> _What the exercise asks_
Below is a listing; restate from it, character for character, the lines beginning at the line holding "Mit insgesamt 17" and ending at the line holding "王超英 通讯员 孟庆虎 摄", both included.

> _Input_
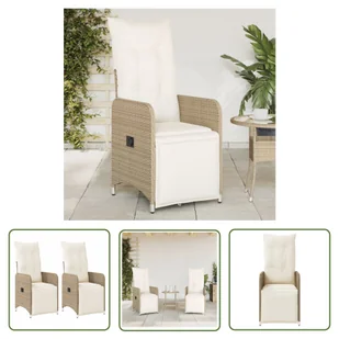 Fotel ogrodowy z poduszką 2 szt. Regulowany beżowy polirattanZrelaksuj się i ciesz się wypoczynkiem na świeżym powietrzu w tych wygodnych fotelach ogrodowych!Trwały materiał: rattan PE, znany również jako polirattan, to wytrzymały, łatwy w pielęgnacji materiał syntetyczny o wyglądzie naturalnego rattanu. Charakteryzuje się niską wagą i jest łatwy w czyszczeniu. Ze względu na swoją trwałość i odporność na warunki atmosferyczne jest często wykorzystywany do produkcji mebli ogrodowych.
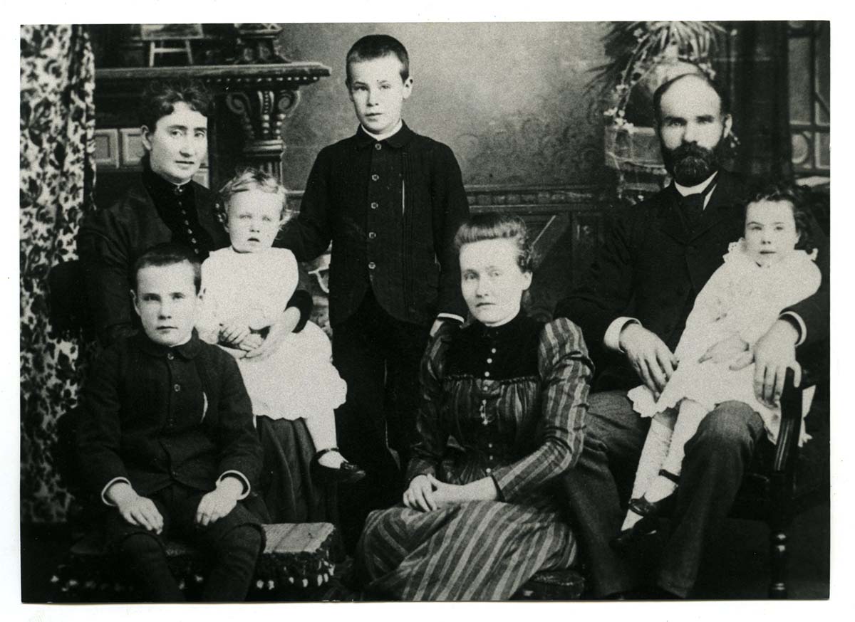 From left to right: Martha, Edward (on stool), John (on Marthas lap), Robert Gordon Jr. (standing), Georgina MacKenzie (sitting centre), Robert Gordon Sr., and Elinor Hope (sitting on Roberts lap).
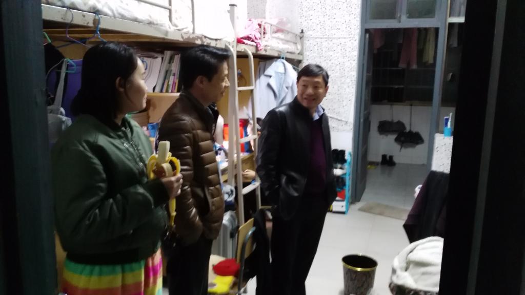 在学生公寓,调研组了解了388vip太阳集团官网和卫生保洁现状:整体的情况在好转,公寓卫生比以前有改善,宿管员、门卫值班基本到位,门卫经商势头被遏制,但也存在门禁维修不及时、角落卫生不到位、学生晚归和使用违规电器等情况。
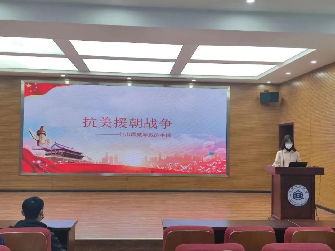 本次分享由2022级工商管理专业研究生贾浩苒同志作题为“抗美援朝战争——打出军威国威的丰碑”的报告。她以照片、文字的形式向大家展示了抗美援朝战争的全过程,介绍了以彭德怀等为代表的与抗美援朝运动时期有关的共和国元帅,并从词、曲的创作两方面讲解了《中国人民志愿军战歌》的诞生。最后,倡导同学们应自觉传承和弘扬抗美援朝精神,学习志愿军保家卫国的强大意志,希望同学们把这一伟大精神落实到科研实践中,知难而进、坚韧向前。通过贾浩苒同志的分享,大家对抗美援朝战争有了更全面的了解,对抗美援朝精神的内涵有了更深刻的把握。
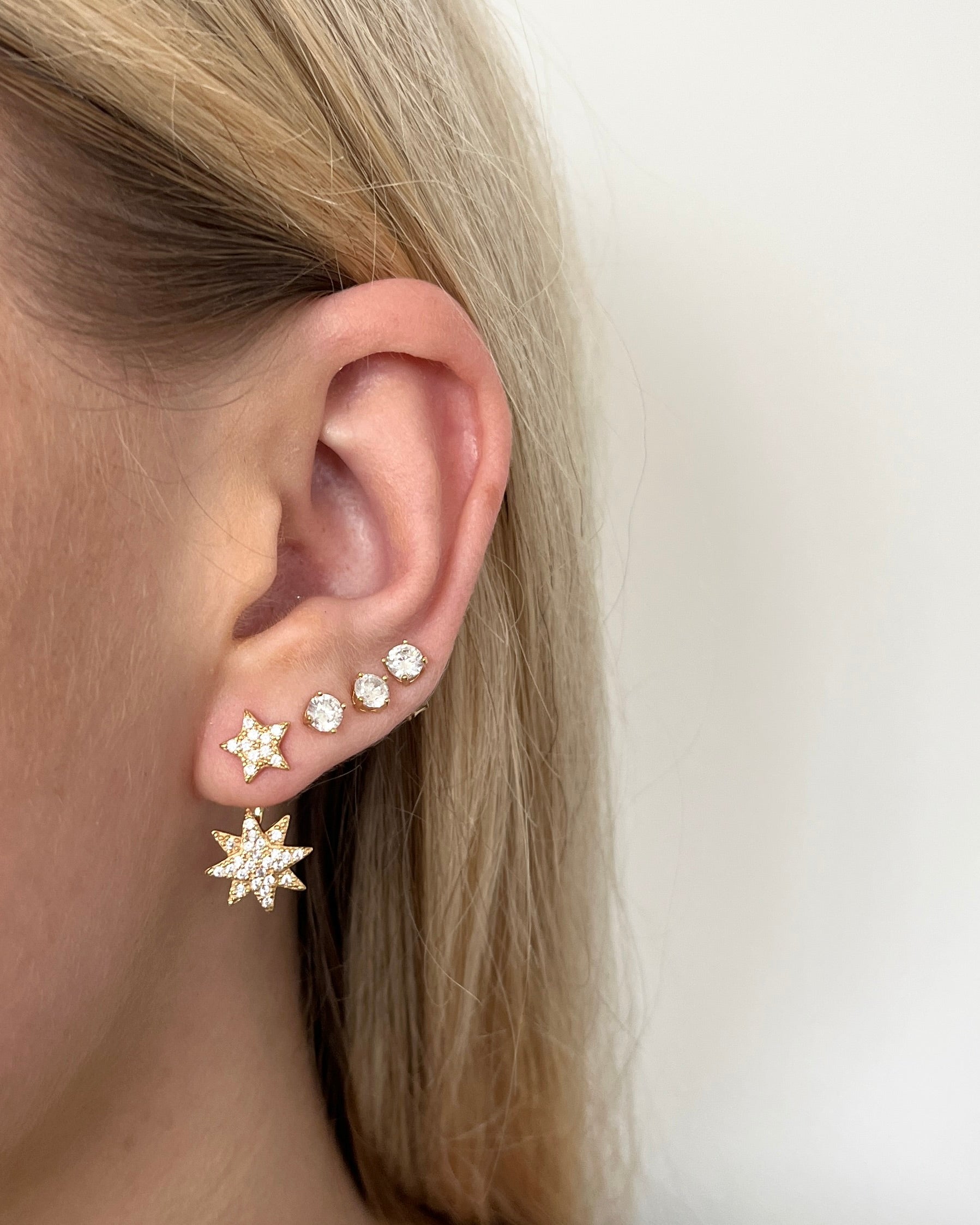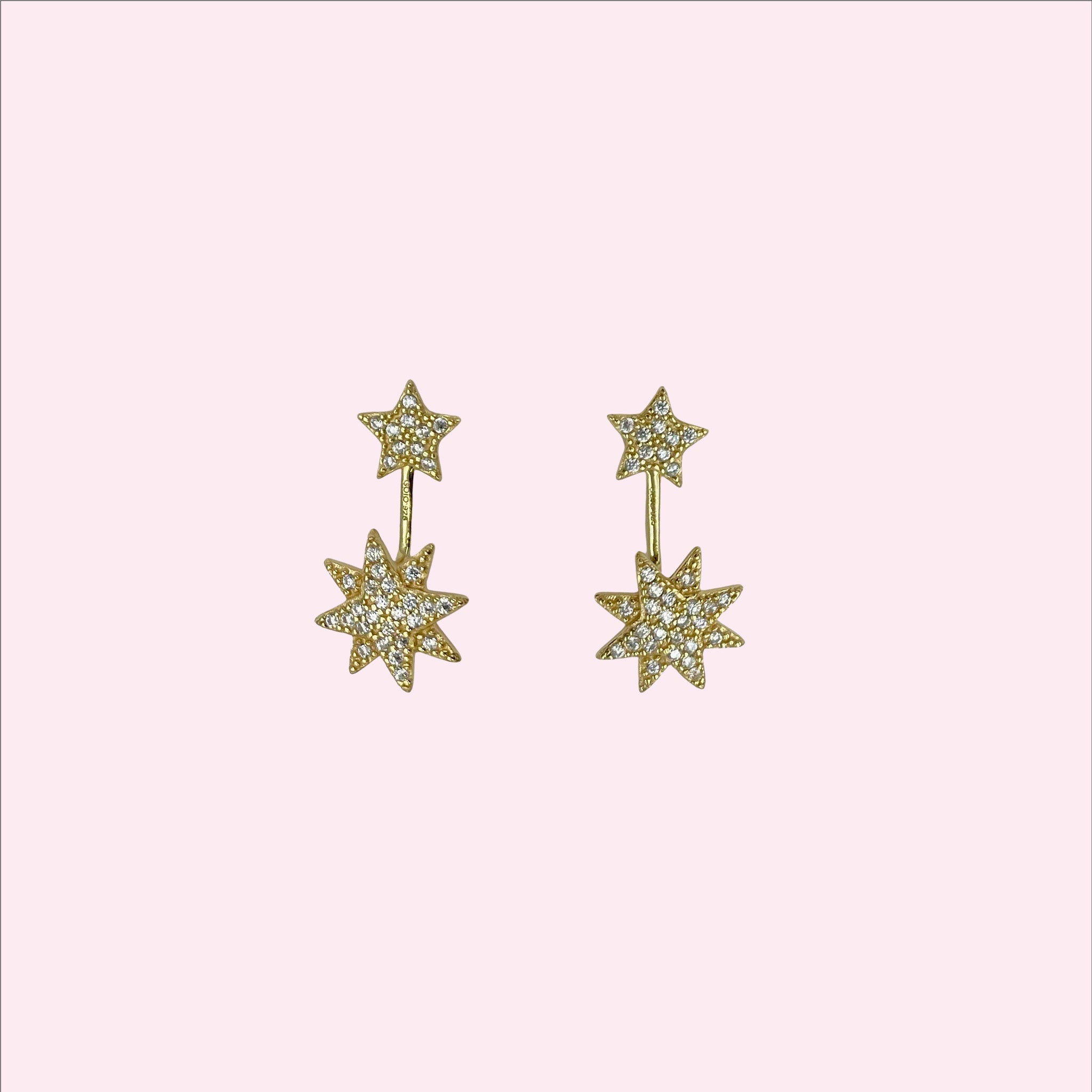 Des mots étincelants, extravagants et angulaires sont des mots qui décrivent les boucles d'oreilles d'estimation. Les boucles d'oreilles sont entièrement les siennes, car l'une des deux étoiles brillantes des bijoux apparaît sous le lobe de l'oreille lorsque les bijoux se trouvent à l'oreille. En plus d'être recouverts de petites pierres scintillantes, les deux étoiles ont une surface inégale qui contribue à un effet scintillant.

---

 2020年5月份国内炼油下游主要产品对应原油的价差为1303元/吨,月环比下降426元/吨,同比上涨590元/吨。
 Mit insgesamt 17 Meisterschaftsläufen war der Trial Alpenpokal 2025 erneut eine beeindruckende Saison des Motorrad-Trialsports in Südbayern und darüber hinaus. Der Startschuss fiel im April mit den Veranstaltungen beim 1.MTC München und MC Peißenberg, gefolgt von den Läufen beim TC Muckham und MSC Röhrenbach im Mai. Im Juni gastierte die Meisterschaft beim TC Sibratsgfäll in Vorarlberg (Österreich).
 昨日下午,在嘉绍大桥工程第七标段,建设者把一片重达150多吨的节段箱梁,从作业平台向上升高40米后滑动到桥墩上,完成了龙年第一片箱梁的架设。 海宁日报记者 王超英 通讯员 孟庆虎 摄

> _Response box_
 Mit insgesamt 17 Meisterschaftsläufen war der Trial Alpenpokal 2025 erneut eine beeindruckende Saison des Motorrad-Trialsports in Südbayern und darüber hinaus. Der Startschuss fiel im April mit den Veranstaltungen beim 1.MTC München und MC Peißenberg, gefolgt von den Läufen beim TC Muckham und MSC Röhrenbach im Mai. Im Juni gastierte die Meisterschaft beim TC Sibratsgfäll in Vorarlberg (Österreich).
 昨日下午,在嘉绍大桥工程第七标段,建设者把一片重达150多吨的节段箱梁,从作业平台向上升高40米后滑动到桥墩上,完成了龙年第一片箱梁的架设。 海宁日报记者 王超英 通讯员 孟庆虎 摄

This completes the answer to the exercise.